THIS WAS AN AUTHENTIC FANTASY

by James Llewellyn

The last summer of my studies was unbearable. I had no reprieve from the heat. It made it so hard to think clearly. I’d flung open all the windows in my dorm, even the one that sort of got stuck around the lock, just above my bed. The heat still leaked in, fighting against the rattling of my fan. The rickety breeze jutted against my papers, lifting them up whenever I turned to consult another reference. 

That morning had been spent searching for a reason to flee to the church. Its smooth stone walls were surely keeping the congregation cool. Nothing had come up in my research to warrant another interview, another analysis. I’d alluded to another visit later in the semester, committed Father Tallis’ small smile to memory then retreated back to my notepad, scribbling things about purpose and exchange and the sinner’s role in religion. 
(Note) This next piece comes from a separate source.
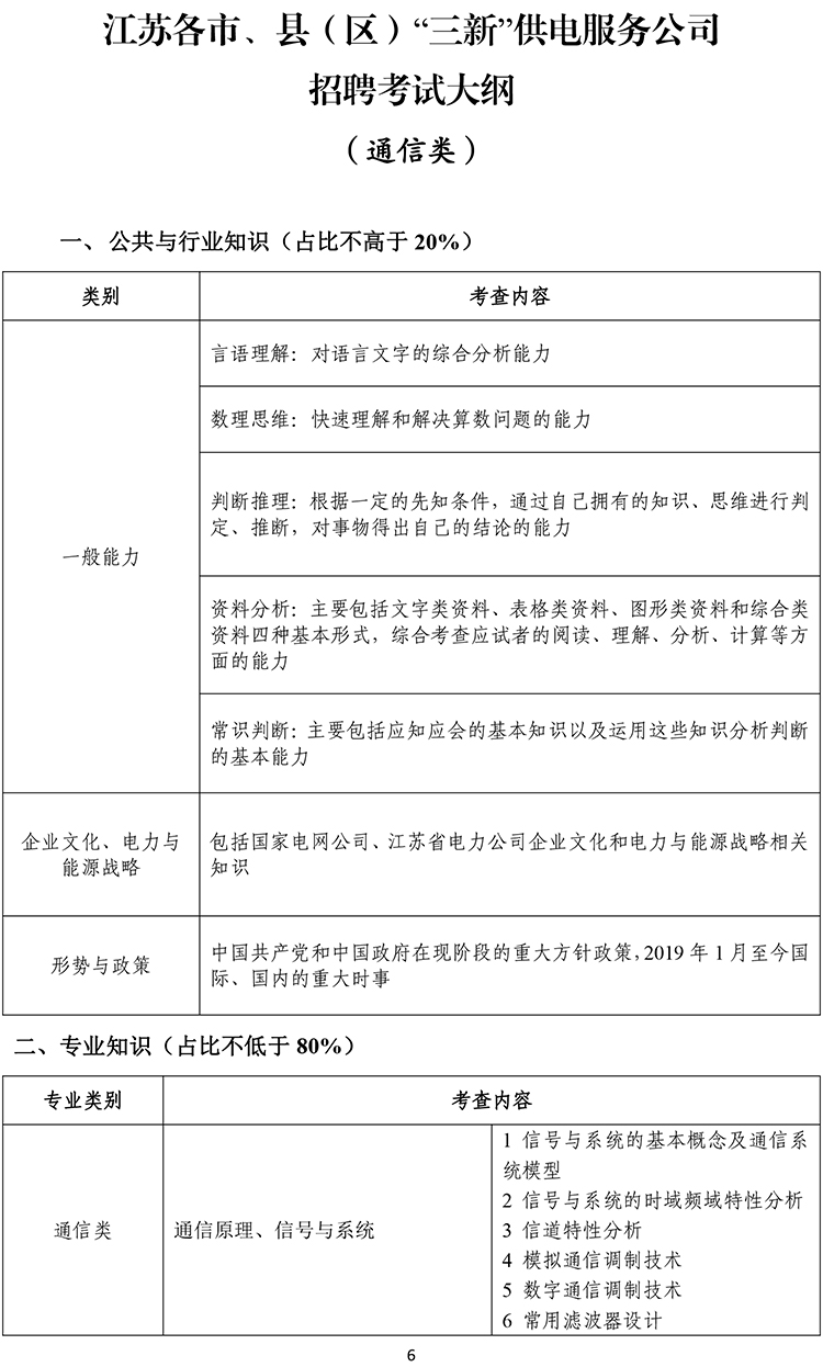2020江蘇各市、縣(區)“三新”供電服務公司招聘考試大綱(通信類)
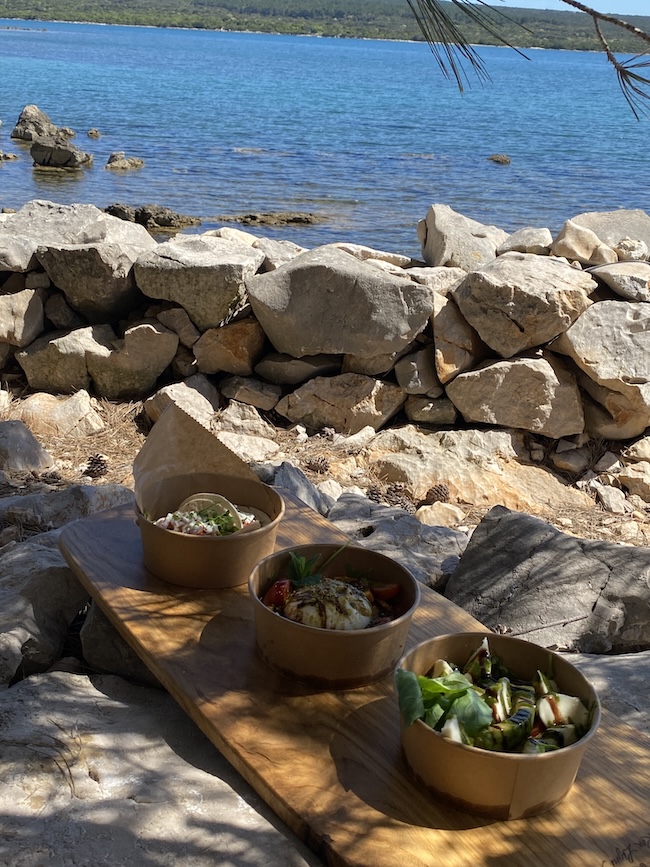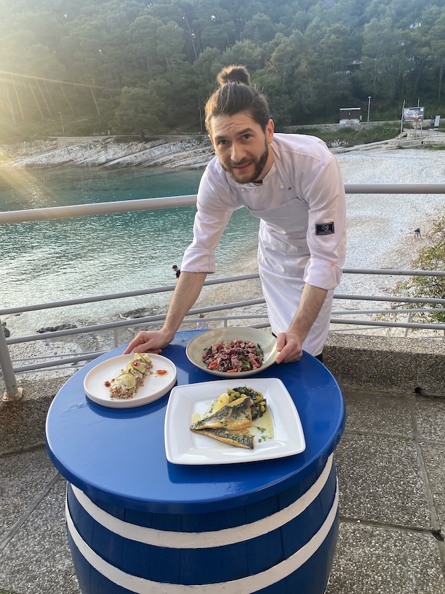 Burratu s avokadom s lošinjskim biljem i cvijetom bosiljka; Burratu s breskovom, lošinjskim medom i mentom i Trganu creska janjetina u tacosu. Gastronomsku ponudu su pratila vina vinarije Sosich iz Vižinade.

We’d wandered the space, treading through the chapel with hushed voices. He’d explained the history of the site. I didn’t care. When we stopped at the podium – so he could flick back to some relevant passage – I looked up, meeting his eyes for a brief moment before he took the thin pages between his fingers. The attention reminded me of how previous lovers had placed their hands on me. In his light touches and delicate dark gaze, I saw flickers of Julian, of David. He moved his hand from the page to his collar for a quick adjustment. The fabric looked so harsh against him. There was so much of his neck to see, shoulders that were probably beautiful, all hidden away. 

“Can you repeat that?” I gripped my pen a little tighter. 

There was no reason to walk over. I had no one to pray for. Mass wasn’t for another few days. I had nothing to donate. No knowledge, no non-perishable goods. Nothing to repent for. I’d resisted going to confession. It felt like such a pedestrian fantasy. Pleading “Forgive me Father” like I was on the cover of a dirty tape. Though, the idea still pulsed with intrigue occasionally. My gym shorts stuck to my thighs with sweat, and the waistband peeled away like a sticker. 

The cool change came around the same time as my advisory meeting. Another trek to the university to show the same notes we’d discussed last week, just with some extra lines crossed out. 

Melody mused over these additions with a great sense of importance, shuffling my pages around, referring to her e-mail and sliding her reading glasses on and off. 

“You should bring up heaven more,” Melody spoke easy. All day she wrestled with words and religion. What I was doing – in contrast to her awarded books and regional tours – seemed completely inconsequential. 

“It’s more important for my research to be grounded in reality.” I leant back in my chair, looking across her scattered desk, “Like I’m not really worried about the temporality of faith.” 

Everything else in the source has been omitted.